Re: Clarify the meaning of "character" in the documentation

"Kristoffer Haugsbakk" <code@xxxxxxxxxxxxxxx> · Tue, 05 Mar 2024 10:00:06 +0100

On Tue, Mar 5, 2024, at 09:43, Manlio Perillo wrote:
> The term "character" is confusing: does it mean 7bit/ASCII character
> or Unicode Code Point?

IMO it should say “ASCII” in contexts where it is restricted to
that. Otherwise UTF-8 can be assumed since git(1) handles that well.

> As an example, with
> git config --add core.commentChar •  // Bullet (U+2022)
> git does not complain, but it is rejected later.

I think this is more about `git config --add` not doing any
validation. It just sets things. You can do `git config --add
core.commentChar 'ffd'` and get the same effect.

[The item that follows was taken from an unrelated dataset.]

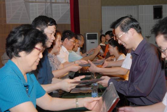 大会在激昂的国际歌声落下帷幕,会后,全体受表彰的先进集体代表、先进个人和学院领导一起在实验教学大楼前合影留念。

> A counter example is using UTF-8 with "user.name", where it is handled
> correctly.

Yep.

It will also handle UTF-8 in cross-systems setting, in my experience: if
you generate patches with git-format-patch(1) it will handle UTF-8 that
ends up in email headers correctly (it needs its own encoding).

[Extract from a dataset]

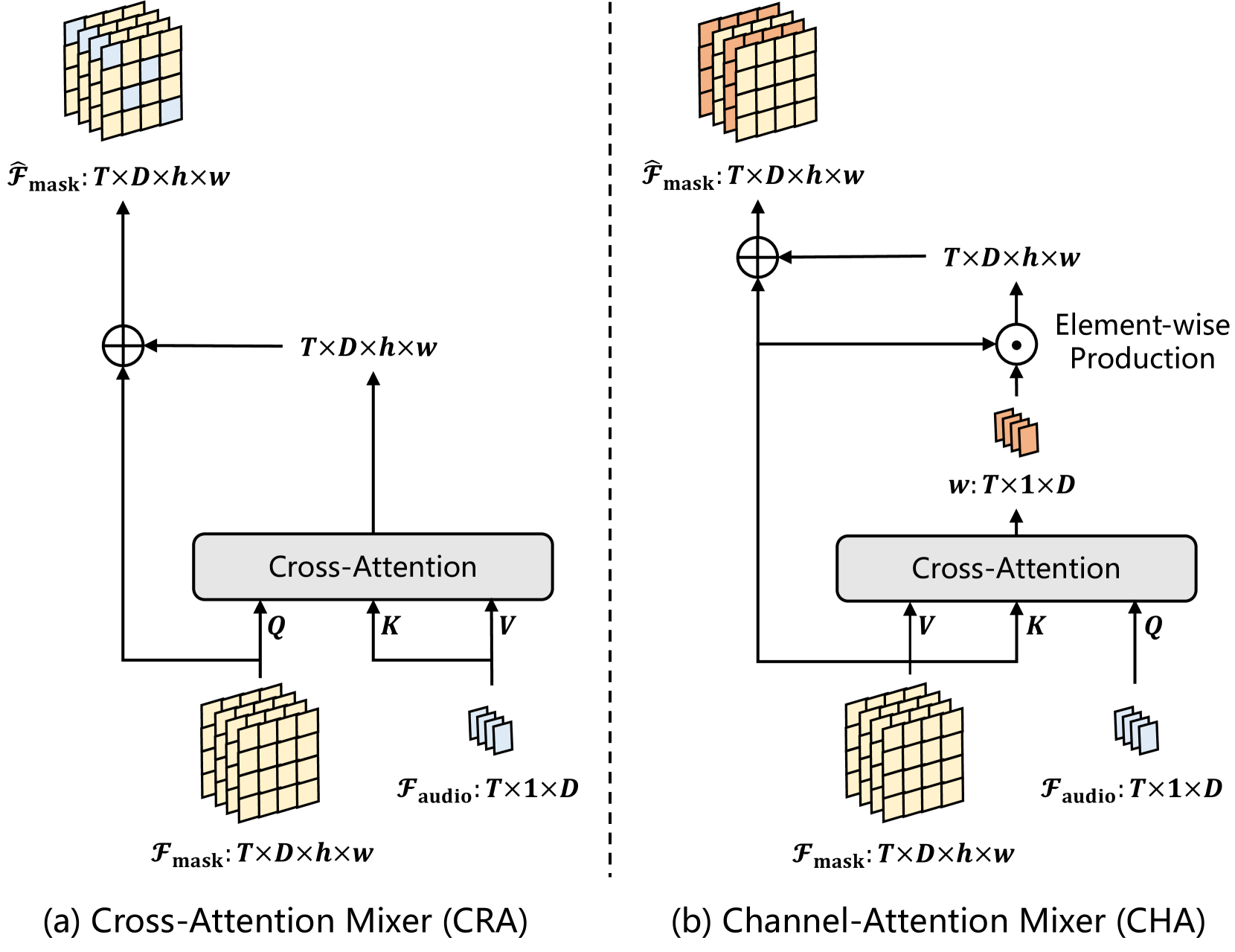 - 视听混合器(Audio-Visual Mixer) 对比了两种设计:交叉注意力混合器(CRA)与通道注意力混合器(CHA)。结果表明 CHA 明显优于 CRA, 能够更稳定、更有效地利用音频语义调制视觉通道, 实现对发声物体的增强与背景的抑制。

It’s quite UTF-8 friendly.

> I sent this email after reading the documentation of "git diff
> --color-moved=blocks, where the text says:
>> Blocks of moved text of at least 20 alphanumeric characters are detected greedily.
>
> In this case it is not clear if the number of characters are counted
> as UTF-8 or normal 8bit bytes.

Alphanumeric characters (a-z and A-Z and 0-9) are ASCII. And one ASCII
char is represented using one byte in UTF-8. This already looks precise
to me.

I’ve never run into a case where git-diff(1) does not handle UTF-8. I
don’t even know if it really needs to “handle” it per se as opposed to
just treating it as opaque bytes. Maybe it matters for things like
whitespace and word-boundaries, I don’t know.

-- 
Kristoffer Haugsbakk